Denise Tu M.S., E.I.T., Ecoengineer and Hydrogist, cbec eco engineering, Santa Cruz,
CA,, 916-668-5226 (presenter)

Chris Hammersmark, Ph.D., P.E., Principal Ecoengineer, cbec eco engineering, Santa
Cruz, CA,, 916-668-5236

John Stofleth, M.S., P.E. Ecoengineer and Hydrogist, cbec eco engineering,
Wadesville, IN,, 916-668-5246

Dale Meck M.S., E.I.T., Ecoengineer and Hydrogist, cbec eco engineering, Santa
Cruz, CA,, 916-668-5244

Ethan Bell, Senior Fisheries Ecologist, Stillwater Sciences, Morro Bay, CA,, 805-570-7499 x501

Proposed Theme Track: Integrated, Multi-Objective Floodplain management OR

Flood Risk Assessment, Modeling and Mapping

Butano Creek is the largest tributary to Pescadero Creek located along the Pacific
Coast of San Mateo County, California.
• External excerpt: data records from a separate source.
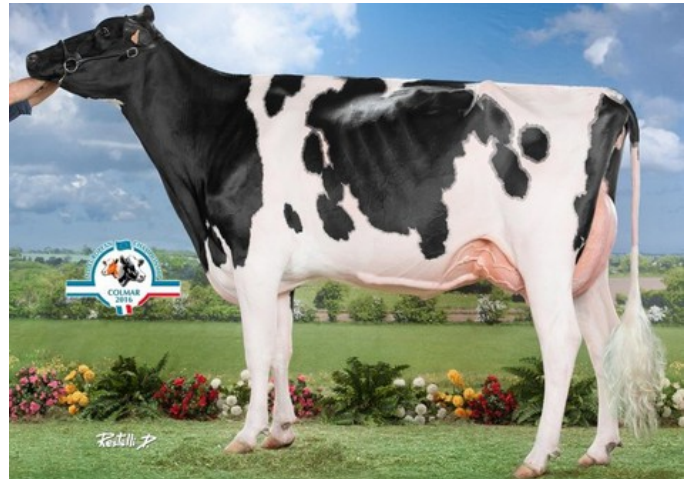
Hermine Tual, family of Maybelline VG-85

Ridercup x AltaZazzle x Kenobi x Granite x VG-85 Rubicon x GP-84 Cashcoin x VG-86 Man-O-Man x VG-86 Shottle x GP-84 Finley x Brett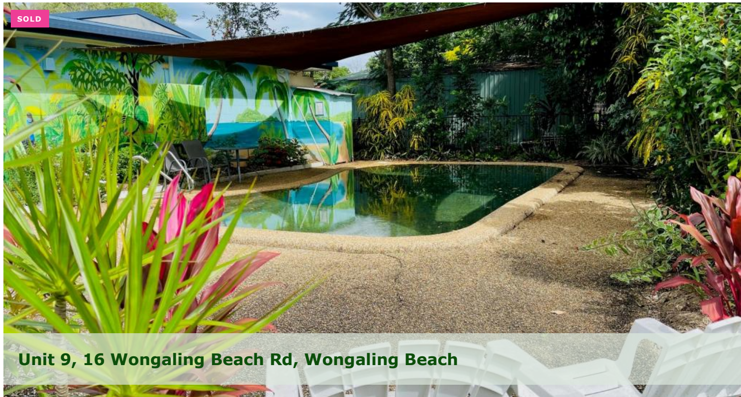
Unit 9, 16 Wongaling Beach Rd, Wongaling Beach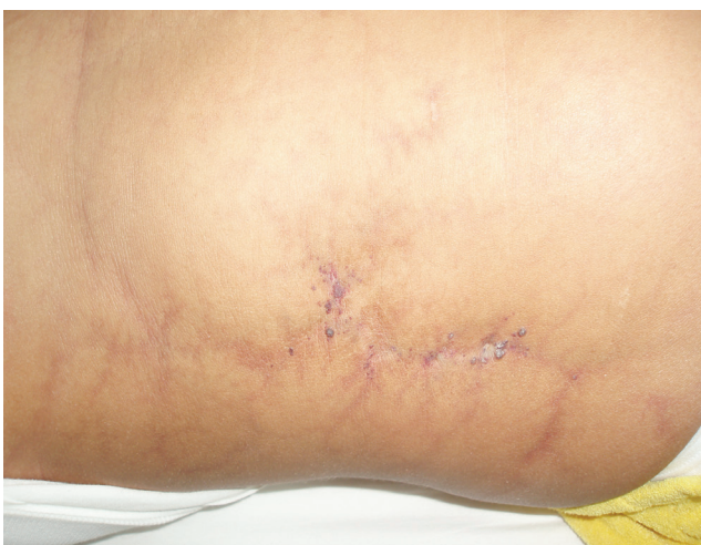
Figure 3. Abdominal skin defect.

Clinically, the patient had cyanosis, clubbing, cardiomegaly, left parasternal heave, and epigastric pulsations. The first heart sound was normal, whereas the second heart sound was wide and fixed split with accentuation of the pulmonary component. Tricuspid murmurs and pulmonary regurgitation were also present. The chest examination was clear.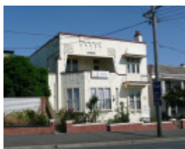
ST LEONARDS SOHE 2008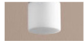
- Matte White Acrylic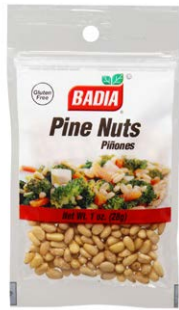
PINE NUTS - 00068 12/1.5 OZ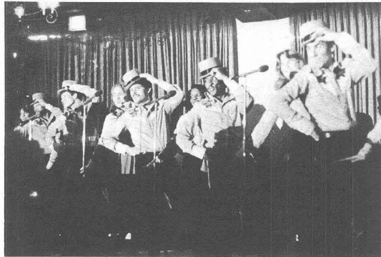
SINGING AMBASSADORS — The Young Ambassadors perform for the Pasadena branch of the National Exchange Club, a community service organization, Dec. 29, 1982. The Pasadena-based group performs for other community organizations, including Tournament of Roses functions, according to the Music Services Department.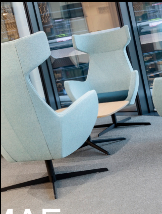
MAE Soft Seating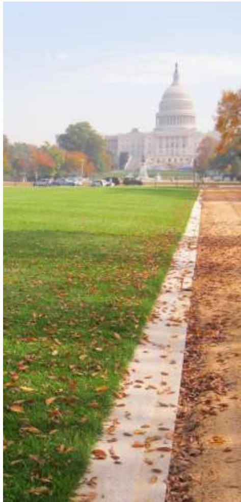
Landscape: National Mall reconstruction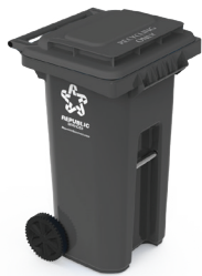
48-gallon equal to 1 1/2 trash cans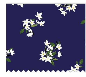
CX7144 Sapphire Lily of the Valley 3/4 yard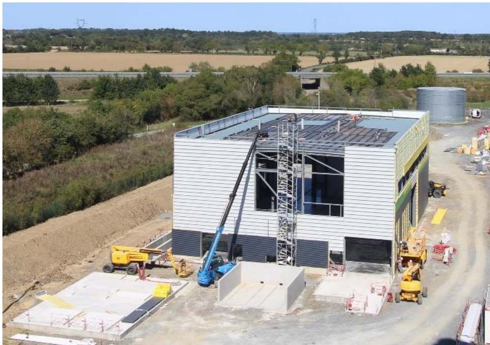
Isover pilot installation

Concrete pours made with Hoffmann Green H-UKR cement are proliferating and are currently being used by Eiffage Génie Civil teams for the construction of the foundations of a prototype workshop of the Isover company located in Chemillé-en-Anjou (Western France). Following on from its Isover Recycling offer, the world's first offer to recycle used glass wool from buildings, the company is stepping up its development in favor of a circular economy in the building industry. It has begun work on the low-carbon footprint industrial prototype dedicated exclusively to glass wool recycling. With commissioning scheduled for 2023, this unprecedented pilot facility meets the Saint-Gobain Group's strong ambitions to achieve carbon neutrality by 2050.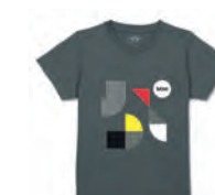
MINI GRAPHIC WORDMARK T-SHIRT KIDS

65% polyester, 35% cotton Chili Red OS (53 cm) 80 16 5A51680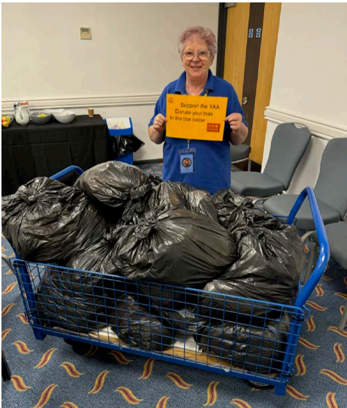
In addition, around 20 bags of bras were collected to raise money for the Yorkshire Air Ambulance

A tombola with donated prizes raised £247 and RNLI merchandise sales and donations raised £323, which was a fantastic total for the RNLI of £570.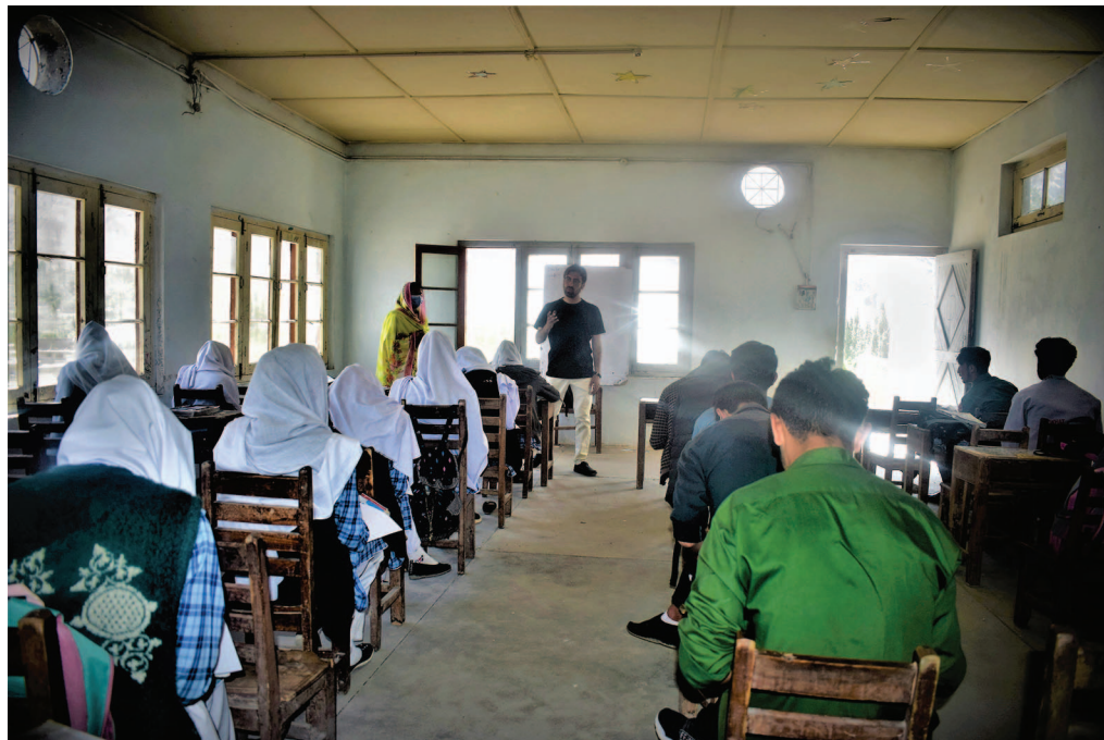
FIGURE 2 Interaction with students during a workshop in a local community school in Yasin Valley.

S = F/(NmP) , where S indicates the cognitive salience index, F represents the frequency of citation, N is the number of elements, and mP is the mean position of each element used in the free lists. The cognitive salience index varies between 0 and 1. The index is generally used to identify the most important plant species used in a specific community or cultural group.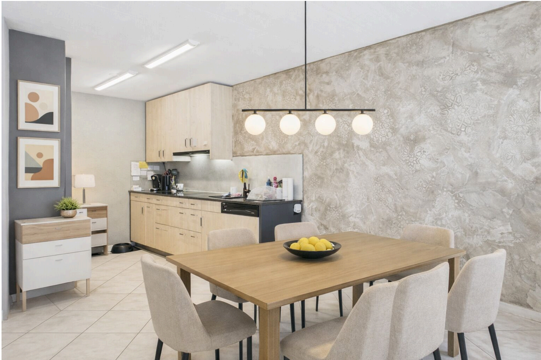
Essbereich und Küche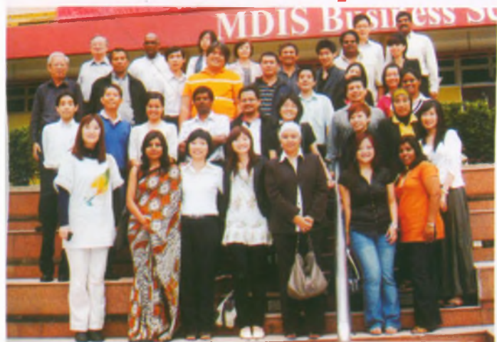
Cooperative Leaders at the Business Seminar

The 2nd ICA-SNCF Business Seminar for Co-operative Leaders was held on 20-22 October 2010 in Singapore. The main objective of this year’s seminar was to offer co-operative leaders, especially from ASEAN countries, a depth of understanding what Social Media is really all about and how it is changing the way we do business and offer fresh insight how to use Social Media to promote their products and services without having to spend too much time on it. Hosted by Singapore National Co-operative Federation (SNCF), 34 co-operative leaders from 6 countries (India, Indonesia, Malaysia, Philippines, Singapore and Vietnam) actively participated in the three-day seminar.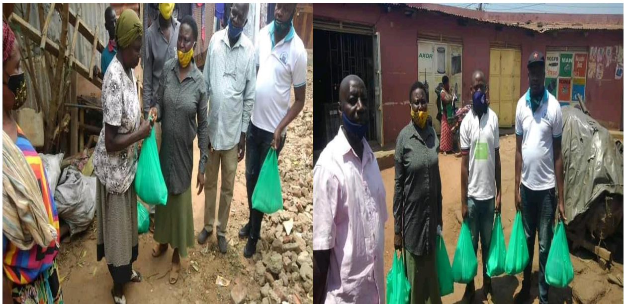
MYDEL Board members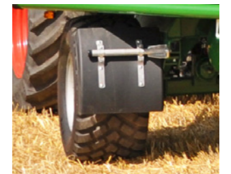
The plastic mudguards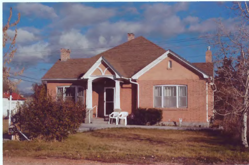
57 E. 300 North Photograph 54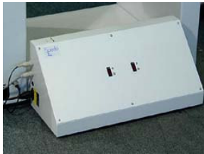
SPEDO WEB LOOP CONTROL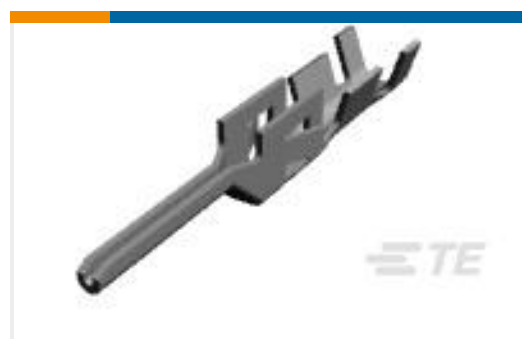
TE Part #1-794612-0 PIN CONT 20-24 TIN PLATE L/P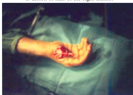
Fig. (3-B): Fixation of the filleted distal phalanx to the amputation stump.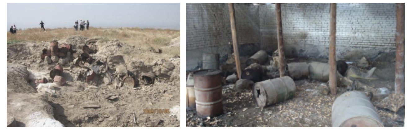
Burial sites and storage areas of higly hazardous banned POPs pesticides such as DDT have been emptied by people wanting to use or sell these pesticides.

A good practice is the work done by the environmental organisation 'Milieukontakt' from the Netherlands, jointly with Kyrgyz experts. They funded the project "Elimination of acute risk of Obsolete Pesticides in Kyrgyzstan" and identified 26 obsolete pesticides deposits in the Southern region of Osh. Out of these, 13 dumpsites were identified as priority sites to urgently clean up to contain further pollution. These dump sites have already polluted agricultural land and pastures. Through the Milieukontakt project measures were taken to protect and close off the 13 obsolete pesticide dumps, and 11 of the sites were completely cleaned up, repackaged and are now safely stored, waiting for a solution for the safe destruction of these POPs.

Butano Creek regularly floods Pescadero
Road after minor rainfall events and this frequent flooding has been impacting
access to the town of Pescadero for decades. The road is situated at the upstream
extent of the Pescadero Marsh, at the base of a watershed comprised primarily of
highly erodible material and in a reach with an extremely low gradient. This area
was prone to flooding and sediment deposition prior to anthropogenic influences on
the marsh as well as in the watershed upstream. In addition to its geographic
setting, a number of human disturbances in the watershed (e.g., timber harvesting
and channel straightening) have had profound effects upon the condition and
function of the channel and watershed with respect to sediment delivery, storage,
and aquatic habitat. The goal of this project is to develop and analyze sustainable
solutions that are cost effective and feasible to reduce flooding at Pescadero Road
while protecting or minimizing impacts to endangered species (e.g., California red-
legged frog (Rana draytonii), San Francisco garter snake (Thamnophis sirtalis
tertrataenia), tidewater goby (Eucyclogobius newberryi) , coho salmon
(Oncorhynchus kisutch), and steelhead (Oncorhynchus mykiss)) and the various
habitats they depend on. A number of solutions were developed and analyzed,
which varied from localized solutions such as limited dredging near Pescadero Road
to watershed-scale solutions involving multiple actions addressing sediment
reduction, improvement of infrastructure and the restoration of aquatic habitat.
Hydrodynamic and sediment transport models were developed with HEC-RAS and
these models were utilized to analyze and rank the proposed solutions.